ONE Bank PLC
- Type: Public limited company
- Industry: Banking
- Founded: Dhaka, Bangladesh
- Headquarters: Dhaka, Bangladesh
- Key people: Mr. A.S.M. Shahidullah Khan (Chairman) Muhit Rahman (Managing Director)
- Products: Banking services Consumer Banking Corporate Banking Investment Banking Islamic Banking
- Net income: Increase
- Website: www.onebank.com.bd

= ONE Bank =

Bangladeshi commercial bank

ONE Bank PLC (OBPLC) (ওয়ান ব্যাংক) is a public limited commercial bank in Bangladesh. It is in the business of taking deposits from public through various saving schemes and lending the fund in various sectors at a higher margin. A.S.M. Shahidullah Khan is chairman and Mr. Muhit Rahman is the managing director of One Bank PLC.

HRC Group Chairman, Late Sayeed Hossain Chowdhury, previously served as the chairman of the Bank.

== History ==
ONE Bank Limited started its activities in Bangladesh from May 1999. The Board of Directors consists of 6 members. Former Chief of Bangladesh Navy, Admiral AMM Mohammad Aurangzeb Chowdhury, is an independent director of One Bank Limited.

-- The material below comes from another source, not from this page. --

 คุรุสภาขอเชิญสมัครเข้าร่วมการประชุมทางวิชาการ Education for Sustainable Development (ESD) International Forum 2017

In January 2003, Bangladesh Bank fired the managing director of One Bank Limited, Mirza Ejaj Ahmed, for having links with Hundi accounts of Uttara Group of Industries and Doel Group.

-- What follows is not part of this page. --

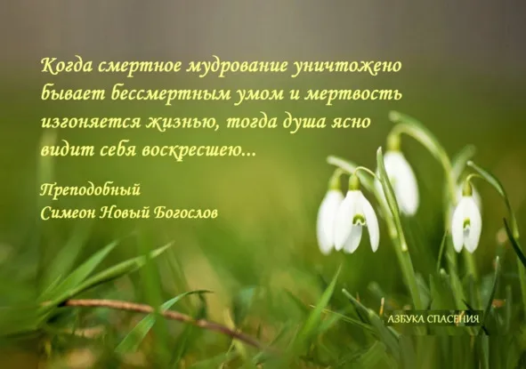 Так-то, братия, бывает смерть, или умертвие прежде смерти тела, и прежде воскресения тел бывает воскресение душ, – действительное, опытно сознаваемое, истинное. Ибо, когда смертное мудрование уничтожено бывает бессмертным умом и мертвость изгоняется жизнью, тогда душа ясно видит себя воскресшею, как пробудившиеся от сна видят себя бодрствующими, – с сознанием, что это Бог воскресил ее, – познав Коего и возблагодарив, поклонение Ему приносит и славословит беспредельную Его благость. Тело же после того не имеет уже более никакого движения или воспоминания о своих похотениях и стремлениях, но бывает для них совершенно мертво и бездыханно. Бывает даже нередко, что человек забывает самые естественные потребности, потому что душа его всегда мысленно привитает в том, что выше естества, как и подобает ей, ибо Писание говорит: духом ходите и похоти плотския не совершайте (Гал.5:16).

On 21 November 2004, One Bank signed an agreement with the Central Depository Bangladesh Limited to convert paper shares into electronic shares. It purchased 40 million BDT worth of shares in Vanik Bangladesh Limited. Vanik Bangladesh was later renamed to LankaBangla Finance Limited with Mohammad A Moyeen as its chairman. It was established by Vanik Incorporation Limited of Sri Lanka with Bangladesh partners. Sampath Bank and Chinkara Capital (Singapore) Pte Ltd were partners in the venture as well.

In September 2007, Bangladesh Bank warned One Bank Limited for hiring a former managing director of the bank as a consultant violating banking rules. In April 2008, One Bank Limited decided to increase its authorised capital to five billion BDT following instructions from Bangladesh Bank to all banks to increase their authorised capital. One Bank Limited launched a one billion BDT mutual fund in June 2009.

Farman R Chowdhury, managing director of One Bank Limited, signed an agreement with the Joint Secretary of Local Government Division, Shamima Nargis, and director of Digital Bangladesh, Md Nazrul Islam Khan, to establish mobile banking at the 4,501 Union Information Service Centres of Bangladesh in 2012. One Bank saw its shares decline in February 2016. One Bank saw its chairman, Sayeed H Chowdhury, reelected for another term in June 2018.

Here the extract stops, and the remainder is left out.